Ukrainian protestors toppled a statue of Vladimir Lenin in Kiev’s Independence Square last Sunday in a symbolic gesture of rejection against Russia’s historical influence in the country. Yet, Ukraine remains inexorably tied to its old Soviet master economically, politically and culturally, making any divorce between the two extremely painful, particularly for Ukraine.
When the calculation was made, Ukrainian President Viktor Yanukovych had little choice in Vilnius last month but to seek to cool relations with Russia by putting off the signing off the Association Agreement with the European Union. Otherwise, he risked seeing the country’s economy plunge into chaos. Now, Yanukovych needs to work with the opposition to lay out a clear roadmap for European integration over the coming years.
Some may blow off Yanukovych’s decision as a broken promise or an end to the country’s European aspirations, but this completely ignores everything the government has said since the decision. In a televised address that followed the government’s decision to suspend negotiations with the EU, Yanukovych reiterated that the country would not sacrifice its European aspirations, stating, “I would have been wrong if I hadn’t done everything necessary for people not to lose their jobs, receive salaries, pensions and scholarships.”

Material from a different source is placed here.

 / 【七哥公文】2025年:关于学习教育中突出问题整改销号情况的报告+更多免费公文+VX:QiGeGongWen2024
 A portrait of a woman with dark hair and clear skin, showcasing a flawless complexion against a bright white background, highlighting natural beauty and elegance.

Rumours may be swirling that Yanukovych has secretly hashed out a deal with Russia to join the country’s competing Eurasian Customs Union, but these accusations remain unsubstantiated and widely flamed by the opposition. What is probable is that Yanukovych will reach a cash deal with Putin to help tide over struggling public finances. This is hardly bribery, but common sense. Aside from some hardline elements in Yanukovych’s party, few are under the illusion that the country would benefit from joining the Russian-led customs union or that the Ukrainian public would accept such a decision.
If putting the EU deal on the back-burner was indeed a tactical decision, it was surely the right one for Ukraine under the circumstances. The EU may be the country’s largest commercial partner, but Russia is a close second, the Russian market representing some 25% of the country’s exports. If one has any doubt as to Vladimir Putin’s sincerity when he makes a threat, it is only necessary to look at the long history of Russian economic aggression vis-à-vis its neighbours. In Moldova, Belarus, Georgia and Armenia, among others, the Kremlin has restricted market access with surgical precision to inflict maximum pain.

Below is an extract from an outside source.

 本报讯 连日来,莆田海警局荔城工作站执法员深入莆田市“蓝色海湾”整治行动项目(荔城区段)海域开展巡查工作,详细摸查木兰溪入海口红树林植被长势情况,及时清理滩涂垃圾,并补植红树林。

Moreover, the country continues to be highly dependent on Russian natural gas for its energy needs despite herculean efforts, such as reversing gas flows and buying Russian gas from Germany. The country already needs some $18 billion in external funding to cover debt repayments and gas deliveries for the coming year. If the country completely snubbed Russia, its best hope for quick cash would be dashed and politically sensitive gas prices would have risen even more. Ukraine already pays the highest gas prices in Europe, paying $420 per 1,000 cubic metres, some $50 more than the European average.
In Armenia, which renounced its European aspirations back in September, Gazprom raised gas prices by a staggering 50% in April in a clear sign that Moscow was not happy with the country’s flirtation with the EU. After the Armenian government threw its hat in with Moscow’s customs union, Putin announced a new subsidy that would keep the price of gas relatively low at $189 per 1,000 cubic metres.
Despite its best efforts, the EU could not provide Ukraine much, if any, assurances that it could shield Ukraine from Russia’s wrath. While the Association Agreement and free trade deal came with many tangible benefits for Ukraine, they are diffuse and will only materialise in the long-term. Russian threats, on the other hand, put a much more palpable price tag on Ukraine’s decision. In the end, the EU could not help Ukraine with its immediate liquidity problems and there would be little the Union could do if Gazprom further inflated prices or even cut off the gas.
Second chance to make true on promises
The final weeks in the run-up to the Vilnius summit were largely clouded by the Tymoshenko drama, but the die had most certainly already been cast. Yanukovych was faced with the dilemma of either immediate public backlash for not signing the EU offer or snubbing Russia and facing widespread public destitution down the road as the economic situation degenerated. As one Russian parliamentarian candidly put it, “he [Yanukovych] has a difficult choice between public fury and political uprising now, and a hunger uprising a year down the road.” If Yanukovych’s immediate concern was economic stability for his country, he made the right choice.
Now, Yanukovych faces a second dilemma: ride out the protests or crack down. He has called for compromise, yesterday backing talks with the opposition, and will cooperate with EU envoy, Lady Catherine Ashton, over the next 48 hours to work towards diffusing the tense standoff. Nonetheless, police activity in Kiev since Monday, particularly the raiding of Yulia Tymoshenko’s party offices, send worrying signals. The opposition is delusional if it thinks it can sign the Association Agreement immediately without grave consequences, but both sides must come together to map out Ukraine’s path to Europe.